#### [PROBLEM DETAILS]
In the entries that follow, the first line to write out is the one containing "在降抽佣方面,平台针对用户出", and the last is the one containing "2009年11月8日傍晚,我". Reproduce that stretch exactly, with nothing before or after it.

#### [DATASET EXTRACT]
■ ■ ■ ■ ■ ■ ■

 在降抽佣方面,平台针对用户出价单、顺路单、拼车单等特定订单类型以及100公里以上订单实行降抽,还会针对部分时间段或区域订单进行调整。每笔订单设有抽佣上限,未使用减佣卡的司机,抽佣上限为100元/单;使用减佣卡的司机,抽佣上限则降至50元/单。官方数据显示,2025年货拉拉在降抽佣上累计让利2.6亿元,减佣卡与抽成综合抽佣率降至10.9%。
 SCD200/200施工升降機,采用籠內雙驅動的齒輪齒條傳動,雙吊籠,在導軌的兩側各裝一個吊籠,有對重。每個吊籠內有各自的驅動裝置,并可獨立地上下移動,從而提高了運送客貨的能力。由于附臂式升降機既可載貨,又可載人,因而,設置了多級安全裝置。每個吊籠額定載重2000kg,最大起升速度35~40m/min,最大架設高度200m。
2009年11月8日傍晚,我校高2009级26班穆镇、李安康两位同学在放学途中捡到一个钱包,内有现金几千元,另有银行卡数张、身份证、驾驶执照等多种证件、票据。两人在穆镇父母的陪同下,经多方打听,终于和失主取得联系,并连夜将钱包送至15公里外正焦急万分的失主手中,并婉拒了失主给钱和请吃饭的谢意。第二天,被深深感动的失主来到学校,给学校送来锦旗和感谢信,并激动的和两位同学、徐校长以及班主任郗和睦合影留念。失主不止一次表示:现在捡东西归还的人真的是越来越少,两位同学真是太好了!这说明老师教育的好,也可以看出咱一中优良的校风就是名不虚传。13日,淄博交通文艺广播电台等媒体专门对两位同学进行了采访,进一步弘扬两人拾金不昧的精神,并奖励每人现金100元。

■ ■ ■ ■ ■ ■ ■

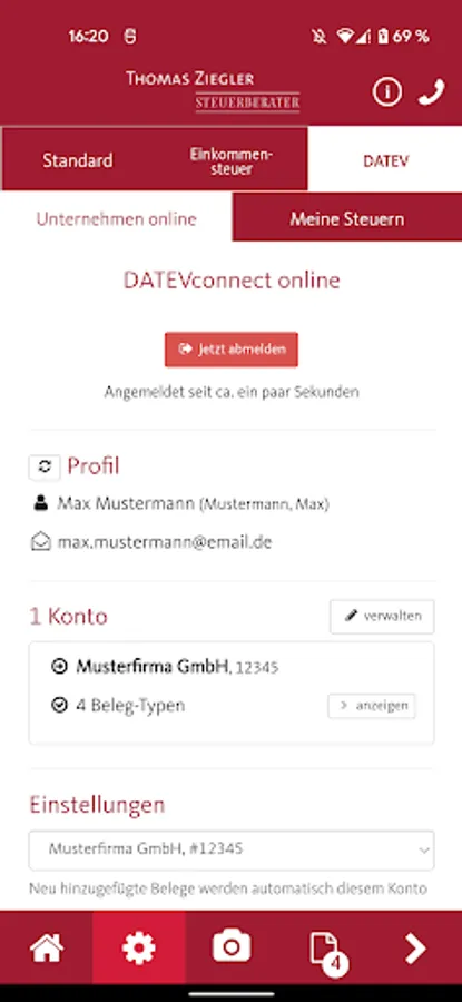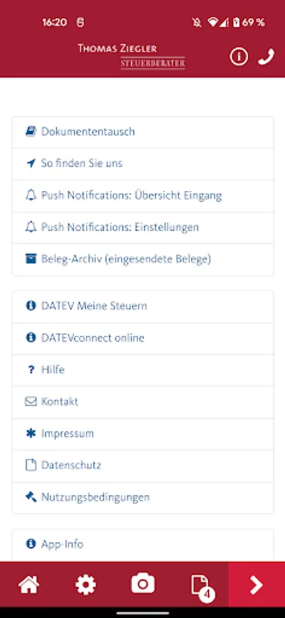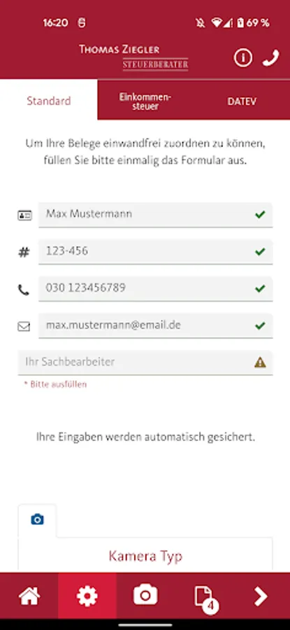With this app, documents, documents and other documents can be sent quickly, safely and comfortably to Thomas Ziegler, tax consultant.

■ ■ ■ ■ ■ ■ ■

#### [RESPONSE TO THE TASK]
 在降抽佣方面,平台针对用户出价单、顺路单、拼车单等特定订单类型以及100公里以上订单实行降抽,还会针对部分时间段或区域订单进行调整。每笔订单设有抽佣上限,未使用减佣卡的司机,抽佣上限为100元/单;使用减佣卡的司机,抽佣上限则降至50元/单。官方数据显示,2025年货拉拉在降抽佣上累计让利2.6亿元,减佣卡与抽成综合抽佣率降至10.9%。
 SCD200/200施工升降機,采用籠內雙驅動的齒輪齒條傳動,雙吊籠,在導軌的兩側各裝一個吊籠,有對重。每個吊籠內有各自的驅動裝置,并可獨立地上下移動,從而提高了運送客貨的能力。由于附臂式升降機既可載貨,又可載人,因而,設置了多級安全裝置。每個吊籠額定載重2000kg,最大起升速度35~40m/min,最大架設高度200m。
2009年11月8日傍晚,我校高2009级26班穆镇、李安康两位同学在放学途中捡到一个钱包,内有现金几千元,另有银行卡数张、身份证、驾驶执照等多种证件、票据。两人在穆镇父母的陪同下,经多方打听,终于和失主取得联系,并连夜将钱包送至15公里外正焦急万分的失主手中,并婉拒了失主给钱和请吃饭的谢意。第二天,被深深感动的失主来到学校,给学校送来锦旗和感谢信,并激动的和两位同学、徐校长以及班主任郗和睦合影留念。失主不止一次表示:现在捡东西归还的人真的是越来越少,两位同学真是太好了!这说明老师教育的好,也可以看出咱一中优良的校风就是名不虚传。13日,淄博交通文艺广播电台等媒体专门对两位同学进行了采访,进一步弘扬两人拾金不昧的精神,并奖励每人现金100元。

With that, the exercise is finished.